Extracted records ::

┄┄┄┄┄┄

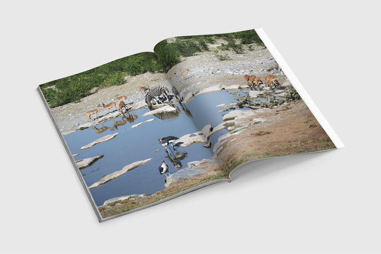 In 2006 we headed for the second time to the south of Africa, this time for two weeks in Namibia. One of the major attractions of the country is the Etosha National Park. Unlike other national parks it is not too busy with tourists, and we had been able to experience unspoilt nature without major distractions. We spent one night at the Halali camp inside the park, and the Moringa waterhole sits right next to the camp. It can be observed around the clock from the camp.
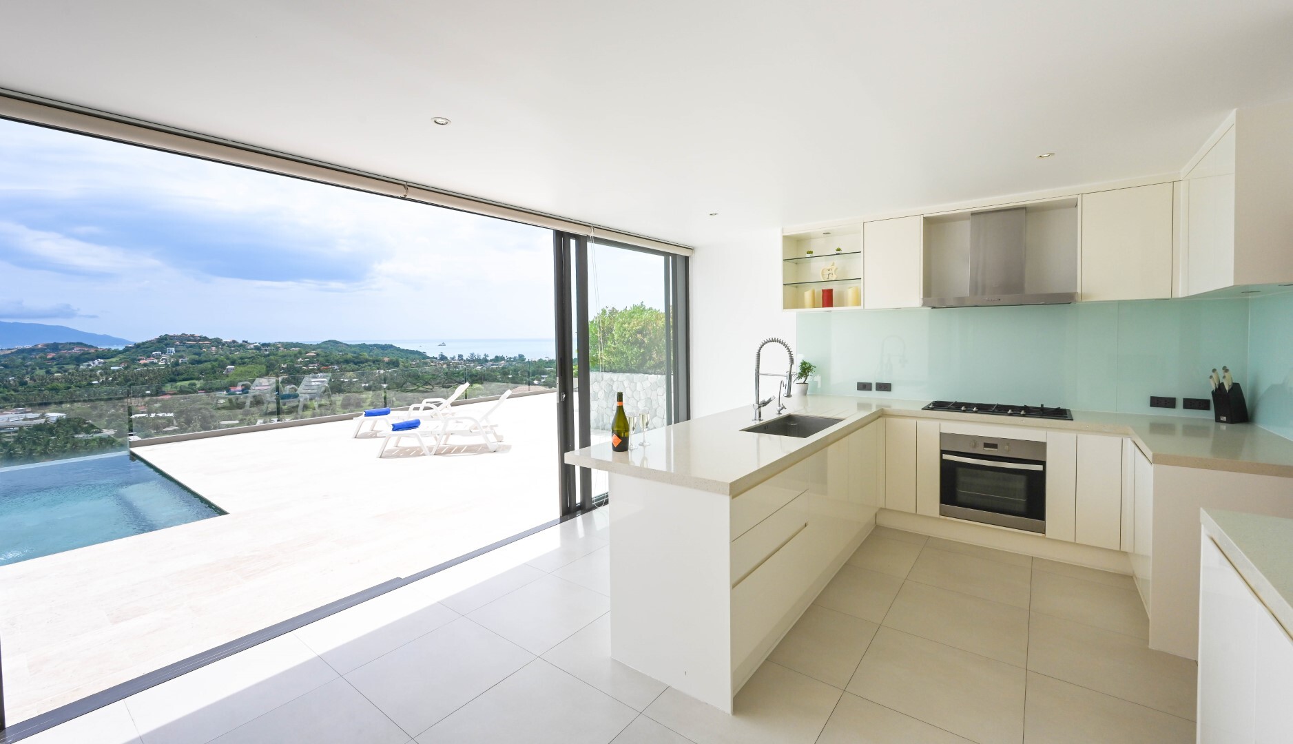 Floor-to-ceiling patio doors slide open onto a very spacious terrace and the private infinity-edge pool, for al fresco entertaining dining and recreation. The views of green hills and the ocean are outstanding.
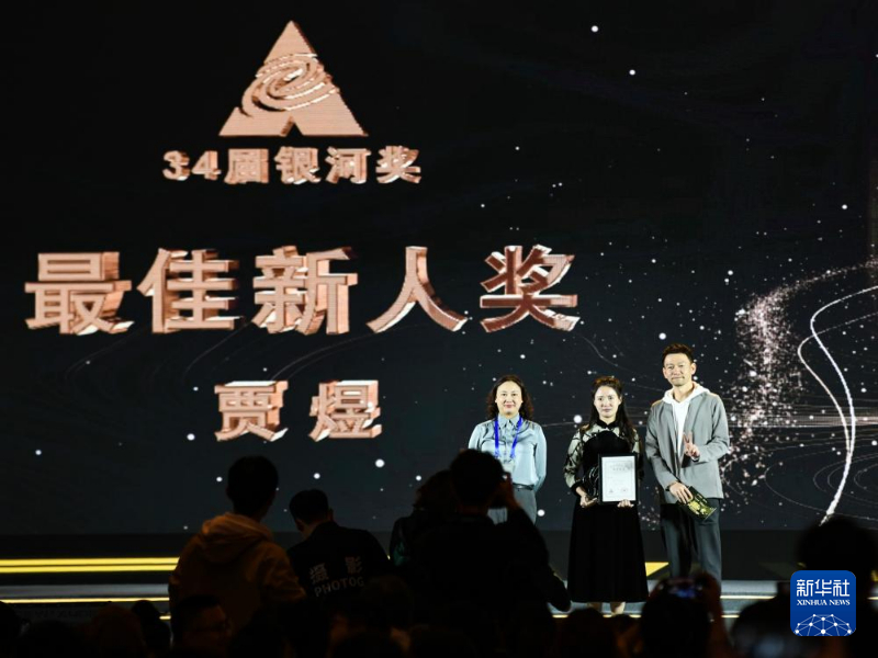 10月19日,在第34届中国科幻银河奖颁奖典礼上,嘉宾为获得最佳新人奖的代表颁奖。新华社记者 王曦 摄
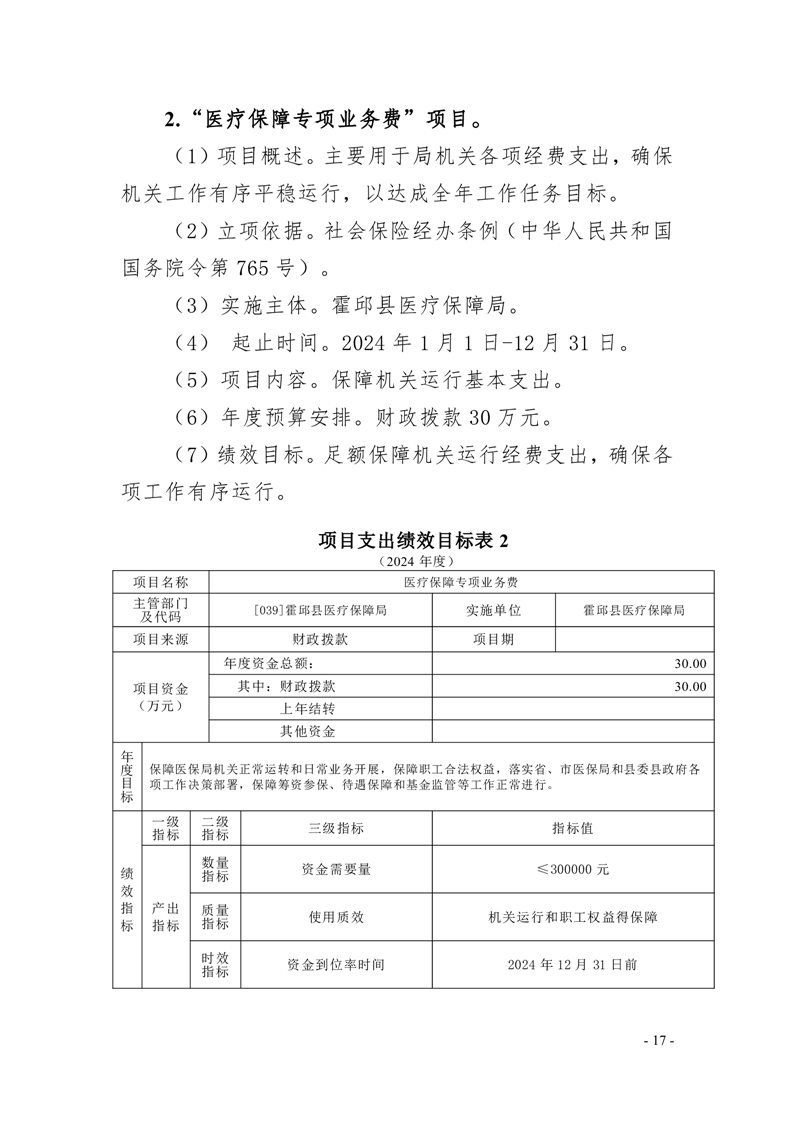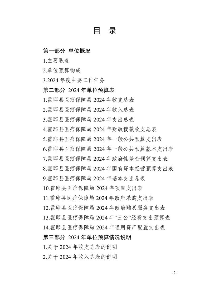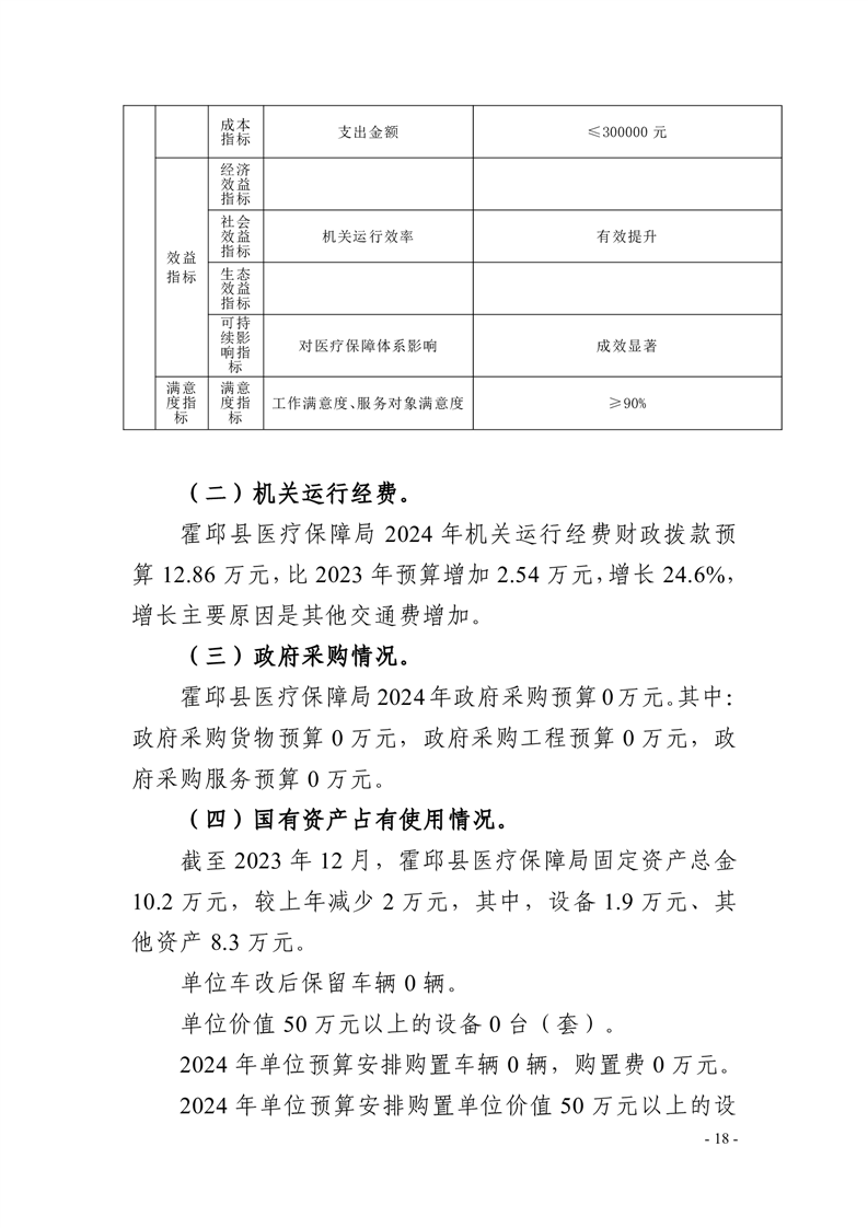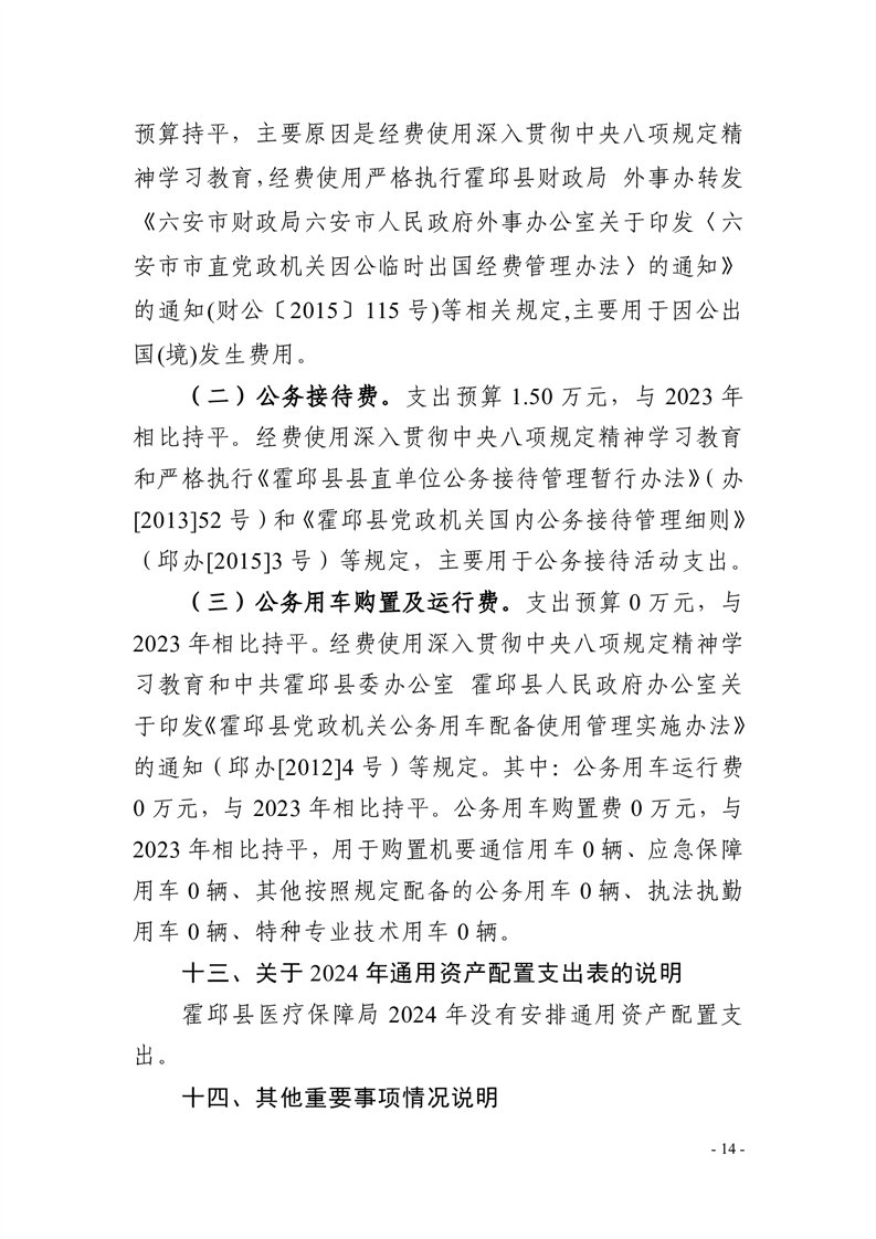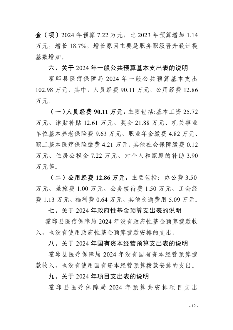 霍邱县医疗保障局2024年单位预算安排
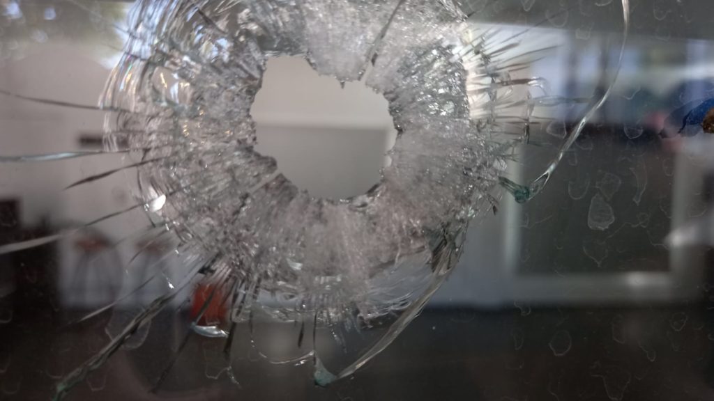Las autoridades detectaron el ataque en la zona del gimnasio, donde dieron con un tiro en la pared y al menos ocho contra los vidrios, los cuales llegaron hasta la zona de la pileta a unos 50 metros del ingreso.
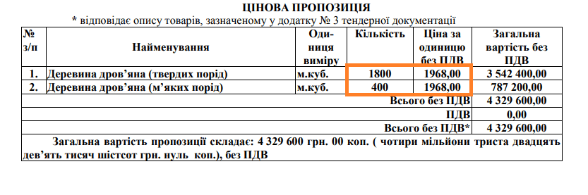 На 1800 метрів кубічних твердих порід та 400 метрів кубічних деревини м’яких порід.
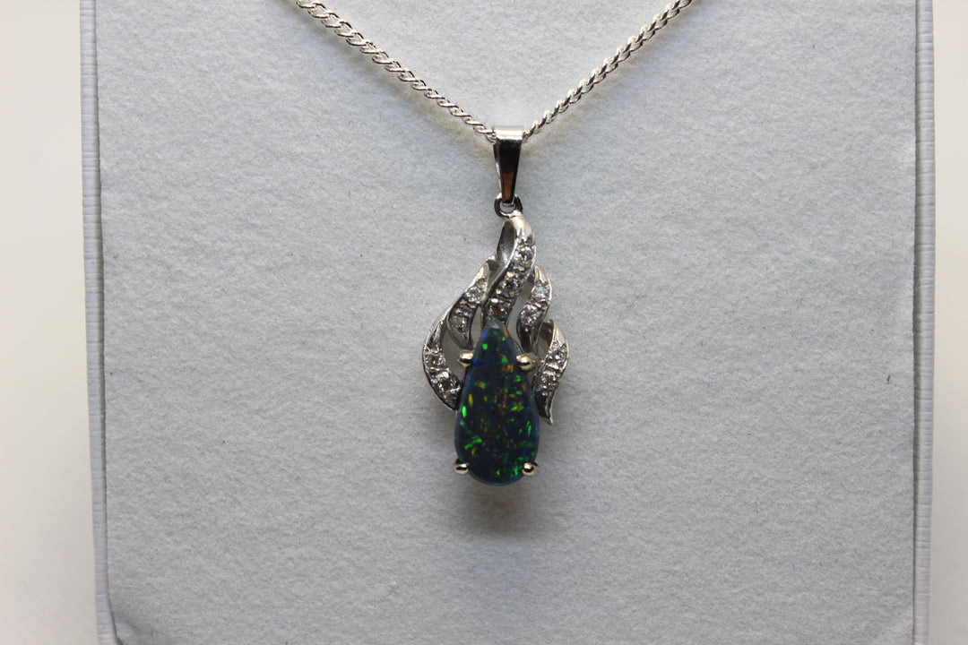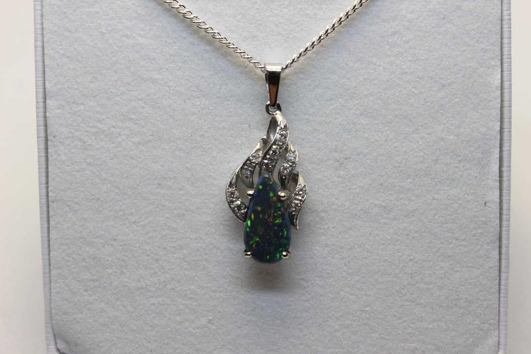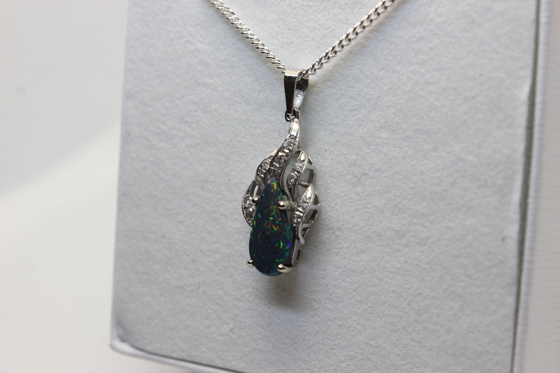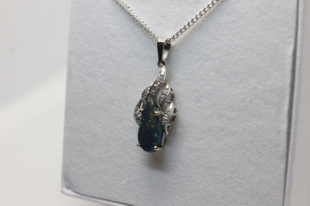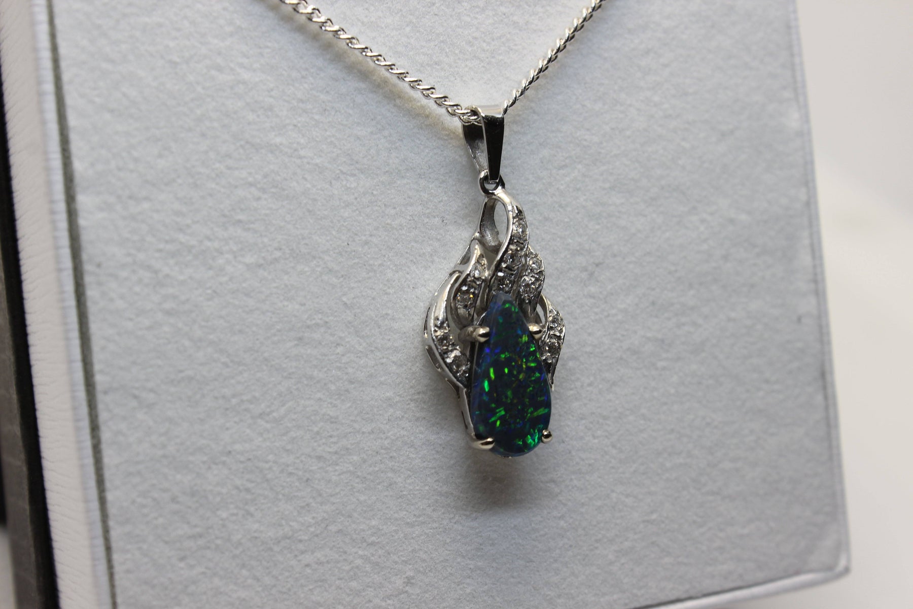 Australian Natural Black Opal Pendant in 18k White Gold Setting Pendant Australian Opal House

┄┄┄┄┄┄

Excluding all pictures, print exactly and only the lines from the line with "霍邱县医疗保障局2024年单位预算安排" through the end of the records above, both ends included.

 霍邱县医疗保障局2024年单位预算安排
Las autoridades detectaron el ataque en la zona del gimnasio, donde dieron con un tiro en la pared y al menos ocho contra los vidrios, los cuales llegaron hasta la zona de la pileta a unos 50 metros del ingreso.
 На 1800 метрів кубічних твердих порід та 400 метрів кубічних деревини м’яких порід.
 Australian Natural Black Opal Pendant in 18k White Gold Setting Pendant Australian Opal House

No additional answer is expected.